Il mito è amplificato da azzeccate campagne pubblicitarie. Lo slogan “Chi Vespa mangia le mele” ha segnato un’epoca del nostro costume. Né si contano le réclame di altri prodotti dove la Vespa compare come sinonimo di libertà, di vita all’aria aperta, di rapporti sociali più facili. In modo analogo, dal film Vacanze romane con Audrey Hepburn e Gregory Peck, del ’53, sono decine le pellicole dove la Vespa è “compagna di viaggio” di attori e attrici come Gary Cooper, John Wayne, Ursula Andress o Raquel Welch. Per non parlare di Antonio Banderas, Owen Wilson o Nicole Kidman. Non basta. Nel 1996, per il mezzo secolo di vita, le Poste italiane le dedicano un francobollo. E dall’autunno del 2004, una Vespa è esposta al Moma di New York.

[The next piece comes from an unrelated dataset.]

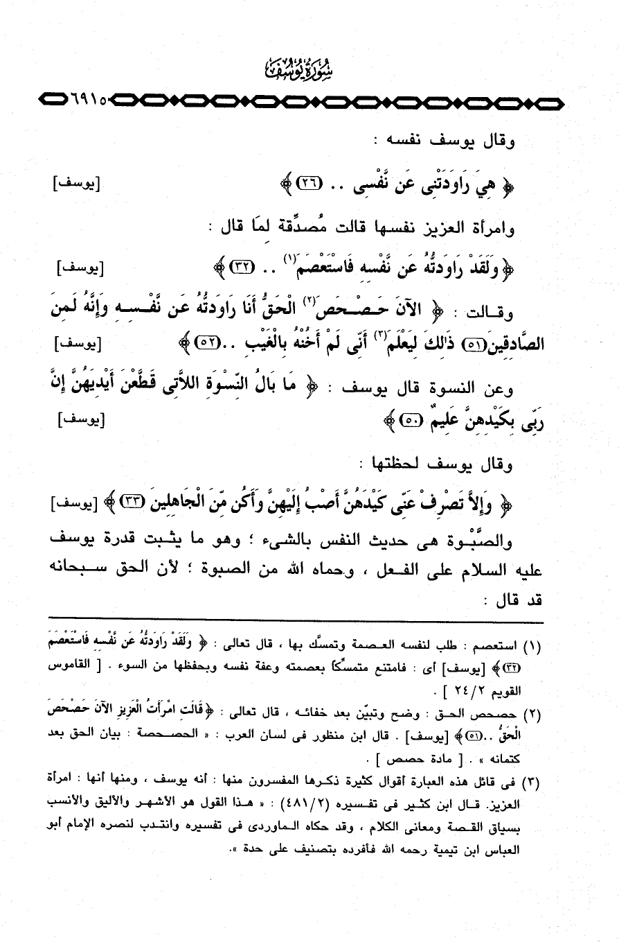 وقال يوسف نفسه: {هِيَ رَاوَدَتْنِي عَن نَّفْسِي} [يوسف: 26] وامرأة العزيز نفسها قالت مُصدِّقة لِمَا قال: {وَلَقَدْ رَاوَدتُّهُ عَن نَّفْسِهِ فاستعصم} [يوسف: 32] .

Il vero record, comunque, continua a essere lei, la Vespa. Dalla prima 98 cc di sessant’anni fa, all’ultima, la GTS 250 i.e. presentata nel maggio 2005, sono 140 le versioni e varianti prodotte. Per un totale di oltre 16 milioni di esemplari, prodotti in tredici Paesi e venduti in 114. Compresi Stati Uniti, India, Australia e Cina. Perché alla base c’è la sua capacità di essere sempre attuale, nel succedersi delle generazioni e nelle diversità politiche e sociali. Insomma, un simbolo del made in Italy, un’icona di giovinezza e di libertà, la cui storia è ben lontana dal terminare.